Markets to trade volatile in run-up to budget
Subscribe to enjoy similar stories. The benchmark Nifty could see wild price swings when stock markets reopen on Tuesday, coinciding with the weekly expiry of index options. This comes amid divergent views on market direction in a truncated week—shortened by the Republic Day holiday on Monday—leading up to the Union budget on 1 February.

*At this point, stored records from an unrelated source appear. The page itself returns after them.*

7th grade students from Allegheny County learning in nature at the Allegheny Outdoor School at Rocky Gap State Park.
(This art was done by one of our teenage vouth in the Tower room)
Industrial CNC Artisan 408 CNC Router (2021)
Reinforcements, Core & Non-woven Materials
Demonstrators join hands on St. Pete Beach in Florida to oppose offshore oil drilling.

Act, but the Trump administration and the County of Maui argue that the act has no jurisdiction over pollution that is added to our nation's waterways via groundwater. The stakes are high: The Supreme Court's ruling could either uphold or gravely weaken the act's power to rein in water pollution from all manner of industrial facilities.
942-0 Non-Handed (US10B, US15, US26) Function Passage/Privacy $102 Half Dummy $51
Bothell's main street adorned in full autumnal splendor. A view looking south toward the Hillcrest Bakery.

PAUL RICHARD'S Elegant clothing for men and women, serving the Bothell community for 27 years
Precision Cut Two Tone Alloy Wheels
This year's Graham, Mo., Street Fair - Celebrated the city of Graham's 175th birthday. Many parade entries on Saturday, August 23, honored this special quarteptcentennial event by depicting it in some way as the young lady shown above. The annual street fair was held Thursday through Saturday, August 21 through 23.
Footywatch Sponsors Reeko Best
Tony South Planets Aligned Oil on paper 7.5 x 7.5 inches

While some analysts expect the downtrend from earlier this month to continue, with the Nifty breaking below its crucial 200-day moving average amid persistent foreign portfolio investor selling and a falling rupee, others believe the benchmark is close to bottoming out and could stage a bounce. A potential rollback of punitive US tariffs on Indian imports and the Reserve Bank of India's ₹2 trillion-plus liquidity measures announced on Friday are being cited as possible triggers for a reversal. Investors will also track moves by foreign portfolio investors (FPIs) this week.

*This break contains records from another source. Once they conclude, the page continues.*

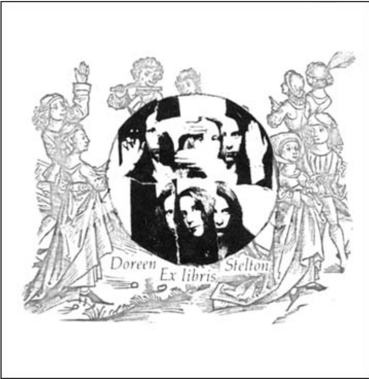
Doreen Stelton, 1982, actual size
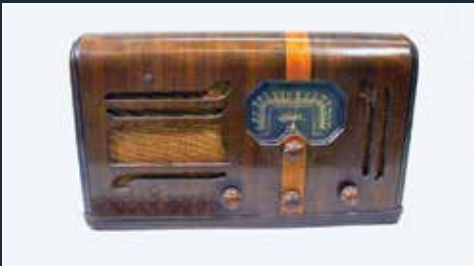
ADDISON TABLE RADIO C. 1932 WDM-2003-S-323

The first radio signal was transmitted near the end of the 19th Century. After that, technology and understanding of radio waves advanced to a point where commercial radios became available in the early 20th Century. The popularity of radios as a form of entertainment grew rapidly from the 1920s until television took over in the mid 20th Century.
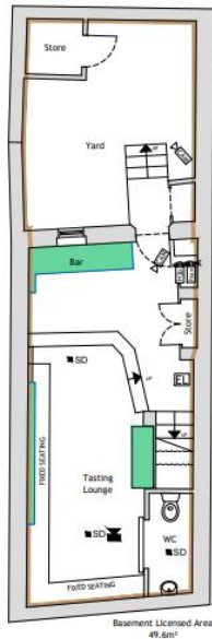
-01 Basement Plan
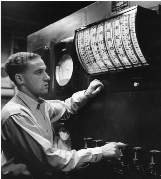
Figure 10: Albert Hall with roaster temperature monitor.

on the hill above Giant Mine. Six large steel agitation tanks made up the bulk of the facility, a structure that can be seen miles away in Yellowknife's Old Town. It was monstrous both in sheer size but also in the cost, with a price tag of $15 million. The plant ran for three summers (1988-1990), processing three million tons of old wastes, but producing only 49,000 ounces of gold – far short of expectations. The T.R.P. is sometimes called 'Peggy's White Elephant' referring to Royal Oak president Peggy Witte; however Royal Oak bought the Giant Mine from Pamour in 1990 and had nothing to do with the construction of the T.R.P. – in fact, Royal Oak made the decision to shut down the unprofitable plant in 1990. (Giant Yellowknife Mines Limited Annual Reports, 1986-1990)
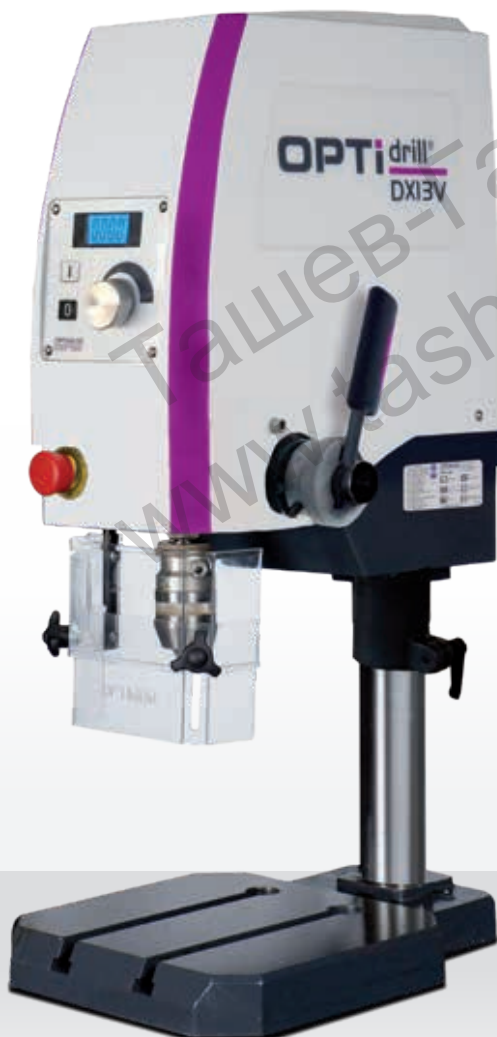
Fig.: DX 13V
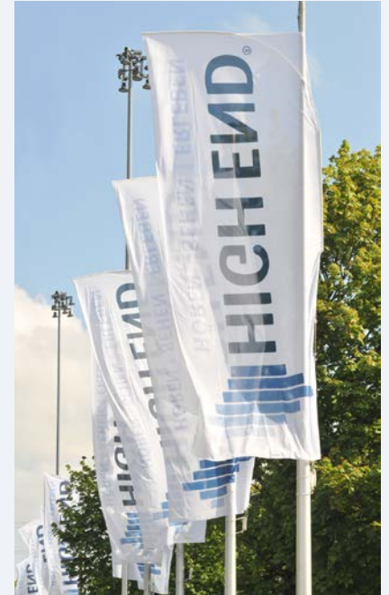
HIGH END signs

Reprints free of charge – specimen copy requested
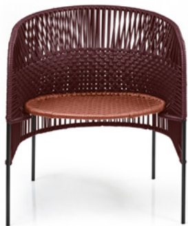
black red/copper/black 01ACALC-N
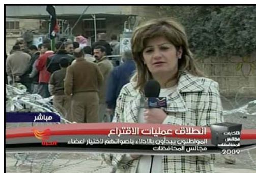
Alhurra presented on-the-ground reports from Iraq's first election since 2005.

VOA's Kurdish Service provided comprehensive coverage of elections in 14 of Iraq's 18 provinces through on-the-ground coverage by stringers and interviews with candidates, politicians and citizens.
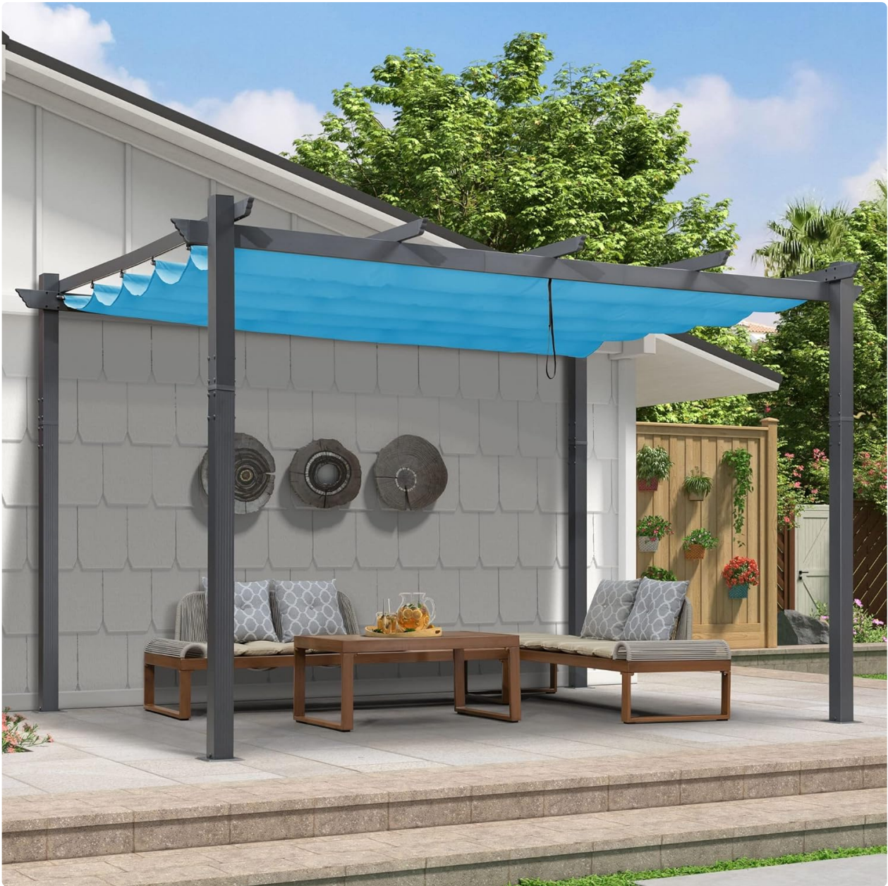
Figure 1: Fully assembled PURPLE LEAF 9.5' x 13' Outdoor Retractable Pergola.

FPIs sold a provisional ₹4,113.38 crore in cash on Friday, per BSE and NSE data. They also raised their cumulative bearish bets on index futures to a record 227,533 contracts, despite the extended weekend. Friday's selling has taken their cumulative net sales in the current fiscal year through 23 January to ₹1.9 trillion, per depository and exchange data.
In the previous year (FY25) their secondary share sales stood at a record high of ₹2.48 trillion. Despite mutual fund-led domestic institutional investors absorbing the FPI selling, the Nifty has fallen 5% from its record high of 26373.2 on 5 January through 25048.65 on 23 January, when it closed below its crucial 200-day moving average of 25142.77. This is seen as a bearish sign by analysts.